香港、スイスと経由しての米国出張でしたが、吹雪が来る中でも、フライトはほぼスケジュールどおりでした。おかげで、予定していたミーティングをすべて行うことが出来ました。ただし、最後の最後、帰国便でトラブルが起きました。マイアミから直行便がないために、シカゴ経由でANA(全日空)に搭乗する予定が、マイアミとシカゴをつなぐ機材が吹雪のために届かず、予定より数時間遅れてワシントンDC経由のUA(ユナイテッド航空)で東京に向かうことになりました。数時間程度の遅れであることもあり、さほど気にはしていなかったのですが、搭乗してみると、その機体が古いことに驚きました。

今では、飛行機内は当然全面禁煙ですが、昔の名残で座席やトイレに灰皿が付いています。ビジネスクラスでも座席のリクライニングは相当の角度を保ったままです。また、最近ではスタンダードになりつつある、オンデマンドのビデオ画面は当然付いていません。ファーストクラスを覗いてみると、搭乗時になにやらカセットの貸し出しを行っています。いまどき何にカセットを使うのかな、と思ってみてみると、座席にカセットデッキがあり、ここでビデオカセットを装着して一本ずつ鑑賞するようです。後で調べてみると、UAは1990年にボーイング767-Xを改名した777を34機発注していますが、たぶんその頃にUAが購入した機体ではなかったかと思われます。通常、航空会社は20年くらい機体を使用するそうなので、引退間近だったのかもしれません。

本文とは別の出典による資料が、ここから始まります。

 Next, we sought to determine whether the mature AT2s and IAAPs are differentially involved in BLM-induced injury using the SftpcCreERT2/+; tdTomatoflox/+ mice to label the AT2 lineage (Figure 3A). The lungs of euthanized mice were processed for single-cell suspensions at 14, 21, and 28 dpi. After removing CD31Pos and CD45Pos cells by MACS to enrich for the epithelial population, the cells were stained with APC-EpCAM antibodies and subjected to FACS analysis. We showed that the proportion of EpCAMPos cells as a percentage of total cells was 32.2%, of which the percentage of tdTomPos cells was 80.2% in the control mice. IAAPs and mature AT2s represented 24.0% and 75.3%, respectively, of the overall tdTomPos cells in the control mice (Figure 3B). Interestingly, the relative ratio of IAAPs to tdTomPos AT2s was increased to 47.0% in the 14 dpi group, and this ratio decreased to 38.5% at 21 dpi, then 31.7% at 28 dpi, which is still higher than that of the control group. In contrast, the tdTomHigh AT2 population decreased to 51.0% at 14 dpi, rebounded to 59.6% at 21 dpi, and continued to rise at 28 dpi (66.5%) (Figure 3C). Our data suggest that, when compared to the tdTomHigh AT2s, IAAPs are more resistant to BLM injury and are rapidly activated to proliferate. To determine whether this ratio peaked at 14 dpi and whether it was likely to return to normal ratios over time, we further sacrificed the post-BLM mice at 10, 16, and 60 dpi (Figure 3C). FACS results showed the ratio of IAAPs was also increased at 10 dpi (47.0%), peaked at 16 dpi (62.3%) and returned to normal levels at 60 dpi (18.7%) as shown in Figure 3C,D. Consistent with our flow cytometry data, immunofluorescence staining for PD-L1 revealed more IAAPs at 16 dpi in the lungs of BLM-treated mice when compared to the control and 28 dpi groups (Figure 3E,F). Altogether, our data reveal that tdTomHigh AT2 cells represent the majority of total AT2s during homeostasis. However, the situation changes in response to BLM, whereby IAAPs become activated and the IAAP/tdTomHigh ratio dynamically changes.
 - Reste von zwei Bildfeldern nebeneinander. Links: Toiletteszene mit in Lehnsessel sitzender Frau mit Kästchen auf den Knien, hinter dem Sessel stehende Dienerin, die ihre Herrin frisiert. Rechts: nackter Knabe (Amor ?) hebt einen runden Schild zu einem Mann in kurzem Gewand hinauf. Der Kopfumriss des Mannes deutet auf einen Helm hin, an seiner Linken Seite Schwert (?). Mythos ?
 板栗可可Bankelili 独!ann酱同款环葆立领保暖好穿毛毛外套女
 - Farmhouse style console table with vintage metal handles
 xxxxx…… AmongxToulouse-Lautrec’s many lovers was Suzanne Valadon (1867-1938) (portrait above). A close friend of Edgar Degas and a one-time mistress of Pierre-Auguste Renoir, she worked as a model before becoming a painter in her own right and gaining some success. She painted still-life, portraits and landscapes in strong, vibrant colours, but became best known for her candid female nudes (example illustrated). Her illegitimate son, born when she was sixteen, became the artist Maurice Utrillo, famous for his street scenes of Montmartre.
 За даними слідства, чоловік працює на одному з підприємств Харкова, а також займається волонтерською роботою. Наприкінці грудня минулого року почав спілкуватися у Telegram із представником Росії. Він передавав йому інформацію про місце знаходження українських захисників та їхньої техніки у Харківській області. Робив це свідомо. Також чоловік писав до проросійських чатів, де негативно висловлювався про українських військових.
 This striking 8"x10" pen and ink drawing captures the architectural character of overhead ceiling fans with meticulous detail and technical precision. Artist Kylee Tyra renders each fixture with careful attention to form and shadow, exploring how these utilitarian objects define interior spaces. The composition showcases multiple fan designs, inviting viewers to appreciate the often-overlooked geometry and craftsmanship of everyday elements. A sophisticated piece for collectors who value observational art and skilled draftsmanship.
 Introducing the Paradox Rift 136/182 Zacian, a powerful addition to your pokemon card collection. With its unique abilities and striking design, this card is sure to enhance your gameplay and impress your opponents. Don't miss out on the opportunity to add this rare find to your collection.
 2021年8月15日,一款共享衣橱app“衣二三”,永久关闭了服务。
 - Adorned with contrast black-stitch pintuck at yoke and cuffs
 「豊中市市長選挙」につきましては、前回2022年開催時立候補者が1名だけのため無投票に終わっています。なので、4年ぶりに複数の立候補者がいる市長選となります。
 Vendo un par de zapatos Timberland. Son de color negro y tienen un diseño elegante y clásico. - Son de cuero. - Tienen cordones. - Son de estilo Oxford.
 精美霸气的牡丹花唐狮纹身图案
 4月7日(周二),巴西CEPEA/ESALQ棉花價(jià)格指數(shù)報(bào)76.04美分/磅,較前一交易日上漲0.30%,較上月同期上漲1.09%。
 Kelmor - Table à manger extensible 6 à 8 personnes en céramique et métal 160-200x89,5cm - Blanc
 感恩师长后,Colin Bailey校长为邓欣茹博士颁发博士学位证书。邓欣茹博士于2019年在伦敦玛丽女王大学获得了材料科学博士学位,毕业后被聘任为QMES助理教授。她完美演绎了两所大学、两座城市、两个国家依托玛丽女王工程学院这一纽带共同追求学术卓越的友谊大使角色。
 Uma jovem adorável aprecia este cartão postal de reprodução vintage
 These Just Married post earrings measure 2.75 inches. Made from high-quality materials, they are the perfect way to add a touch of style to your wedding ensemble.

搭乗していたクルーもかなりのベテランの方が大半でしたが、その分、もてなしや気遣いはとても心地の良いものでした。飛行機では、最近なんとなく杓子定規のサービスに慣れていたので、今回の最後のフライトは、少しだけタイムスリップしたような情緒のあるもので、印象に残りました。いわゆる快適さにおいて、近年の機材やサービスが格段に進歩したことを再認識すると同時に、何か大事なものを失いつつあるのではないかという、ありきたりな感傷に浸りながら機上で14時間
を過ごしました。

余談ばかりが長くなりましが、最後に滞在していたマイアミでは、700人を超すヘッジファンド関連の運用者と投資家が集まる大きな会合に参加しました。ファンド・オブ・ファンズとしての立場では、投資対象候補となる運用会社が100社250名以上参加しており、当社ファンドで投資しているファンド運用会社も数社来ていました。一方で、当社が2月に合併したコモディティ運用会社は、いわゆるCTA運用を行っており、米国にも投資家がいます。それらの投資家も参加していたのでご挨拶をしました。また、新たな投資家候補にも出来るだけ自己紹介をしておきたいという考えもありました。1日に30分刻みのミーティングを15社と行う短期でのスピードミーティングです。ミーティングの合間でも立ち話をしている人たちと少しでも多く知り合いになろうと声をかけ、名刺の交換をして回ります。そこら中に同じような行動をしている人々がいるのが印象的です。中には1兆5千億の資産を運用し、ヘッジファンドへのアロケーションも大きい、カナダのオンタリオ州教職員年金の運用担当者の顔も見えます。もっとも、彼らは私のようにあくせく動き回らないでも、周囲には絶えず人の輪ができています。

今回、多くのミーティングを行い、1-2年前に比べると投資家の投資意欲が格段に回復していると実感できました。ただし、投資家が何しろ良いファンドにドンドン投資するから早く情報をもってこい、という雰囲気でもなければ、ファンド側も早く資金コミットをしないと、もう投資資金は受け付けないぞ、というような2005-2006年のような熱狂的な雰囲気ではなく、もう少し落ち着いた、思慮深い情報交換を行っているという印象を受けました。慌ただしいスケジュールではありましたが、運用者の情報獲得や、投資家情報収集の双方について、今後につながるネットワークが出来たのではないかと思います。

2010年12月末時点の統計では、ヘッジファンドへの資金流入が完全に回復し、投資資金としては過去最高に並んだということです。しかし、機関投資家や個人の資産運用残高全体における規模はまだまだ限定的でもあり、今後も運用スタイルの多様化と運用者の広がりは進んでいくものと思われます。広がっていく最新の投資対象や投資手法を常に把握し続けることは容易ではありません。これからも、このような会議の場を効果的に使うことで、情報のアップデートを行っていくつもりです。